Security & Privacy
Learn how CenterLeap protects your emails with end-to-end encryption, recovery keys, two-factor authentication, and other security features.
On This Page
End-to-End Encryption (E2EE)
CenterLeap uses end-to-end encryption to protect your emails. This means your email content is encrypted on your device before it's sent to our servers, and only you (and people you share access with) can decrypt it.
What We Can See
- Encrypted email metadata
- Email timestamps
- Storage usage
What We Cannot See
- Email subject lines
- Email body content
- Attachment contents
- Your private keys
How E2EE Works in CenterLeap
1. Key Generation (During Registration)
- An RSA key pair is generated locally in your browser
- Your private key is encrypted using a key derived from your password
- Only the encrypted private key is stored on our servers
2. Email Encryption (When Storing)
- Each email account has a unique AES content key
- Email content is encrypted with this content key
- The content key is encrypted with your password-derived key
3. Email Decryption (When Reading)
- You unlock your vault with your encryption password
- Your private key is decrypted locally
- Email content is decrypted in your browser
Recovery Keys
A recovery key is a backup way to access your account if you forget your encryption password. It's generated during registration and should be stored safely.
Critical: Save Your Recovery Key
If you lose both your encryption password AND your recovery key, your encrypted data cannot be recovered. We cannot help you - this is by design for your security.

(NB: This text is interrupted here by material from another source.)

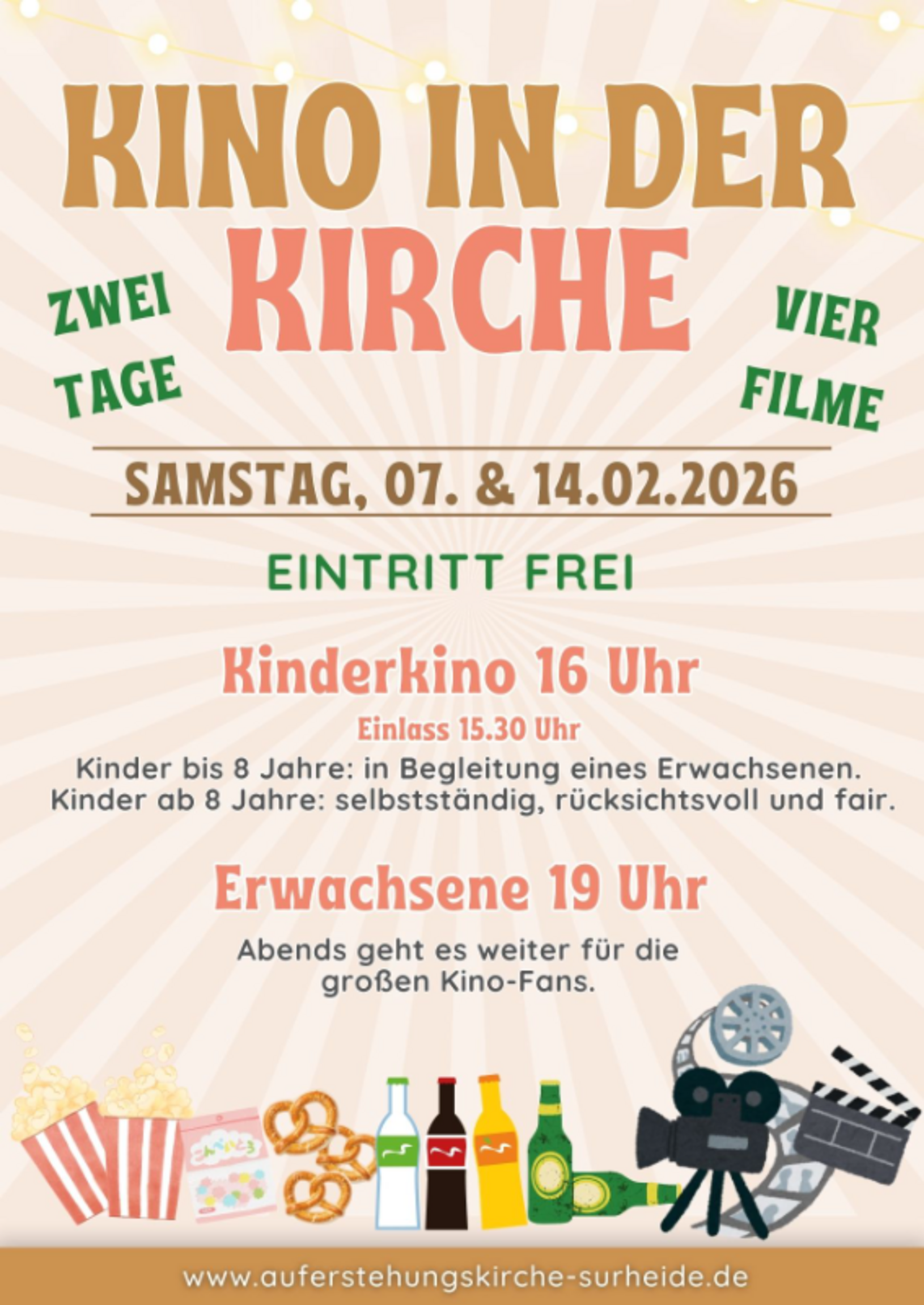 Kino in der Kirche geht in die nächste Runde! Aufgrund der großen Nachfrage freuen wir uns, das besondere Kinoerlebnis dieses Mal an zwei aufeinanderfolgenden Wochen anbieten zu können. Freuen Sie sich wieder auf spannende Filmabende in einzigartiger Atmosphäre, inklusive Getränken und Snacks. Unser herzliches Dankeschön gilt erneut dem engagierten Helferteam der Gemeinde.

How to store your recovery key safely:
- Write it down and store in a secure location
- Store in a password manager
- Keep a copy in a safe deposit box
Two-Factor Authentication (2FA)
Add an extra layer of security to your account by requiring a one-time code when you log in.
To enable 2FA:
- Go to Dashboard → Settings
- Find the "Security" section
- Click "Enable 2FA"
- When you log in, you'll receive a code via email
Note: CenterLeap currently uses email-based OTP (one-time password) for 2FA. Authenticator app support is coming soon.
Vault Timeout
The vault timeout automatically locks your encryption vault after a period of inactivity. When locked, you'll need to enter your encryption password to view email content.
To configure vault timeout:
- Go to Dashboard → Settings
- Find the "Security" section
- Select your preferred timeout duration (15 min, 30 min, 1 hour, etc.)
- Click "Save"
Tip: A shorter timeout is more secure but may require entering your password more often. Choose a balance that works for your usage.

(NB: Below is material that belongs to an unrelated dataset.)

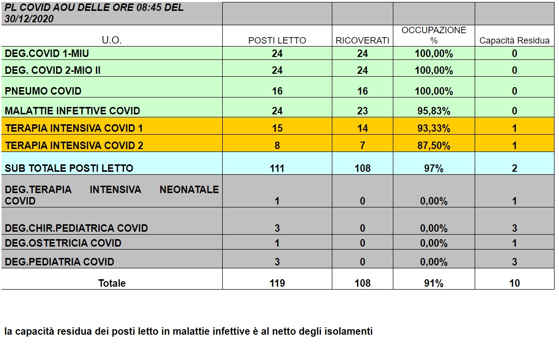 Situazione posti letto reparti Covid -30 dicembre 2020 - ore 8.30.jpg

What Happens If I Lose My Password?
Because CenterLeap uses true end-to-end encryption, we cannot reset your encryption password or decrypt your emails for you.

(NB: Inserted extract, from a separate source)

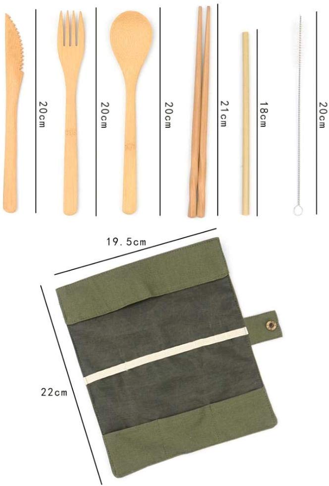 ----- THÔNG SỐ: - Kích thước: - Muỗng: 19cm - Muỗng trà: 16cm - Nĩa: 19.5cm - Dao: 22cm - Chất liệu: Cán tre, hợp kim carbon và thép không gỉ chất lượng cao. -

If you have your recovery key:
- Go to the login page
- Click "Forgot Password"
- Choose "Use Recovery Key"
- Enter your recovery key
- Set a new encryption password
If you don't have your recovery key:
Unfortunately, your encrypted data cannot be recovered. You can reset your account, but all encrypted emails will be permanently lost. This is a fundamental security feature, not a limitation.
Security Best Practices
Use a strong, unique encryption password
Your encryption password protects all your email data. Use a password manager to generate and store a strong password.
Save your recovery key securely
Write it down and store it somewhere safe, separate from your password. Consider multiple secure locations.
Enable two-factor authentication
Add an extra layer of protection to prevent unauthorized access even if your password is compromised.
Set an appropriate vault timeout
Configure your vault to lock automatically after inactivity. Shorter timeouts are more secure.
Keep your devices secure
Use strong device passwords, enable disk encryption, and keep your operating system and browser up to date.
Be cautious with shared computers
Always log out and lock your vault when using shared or public computers.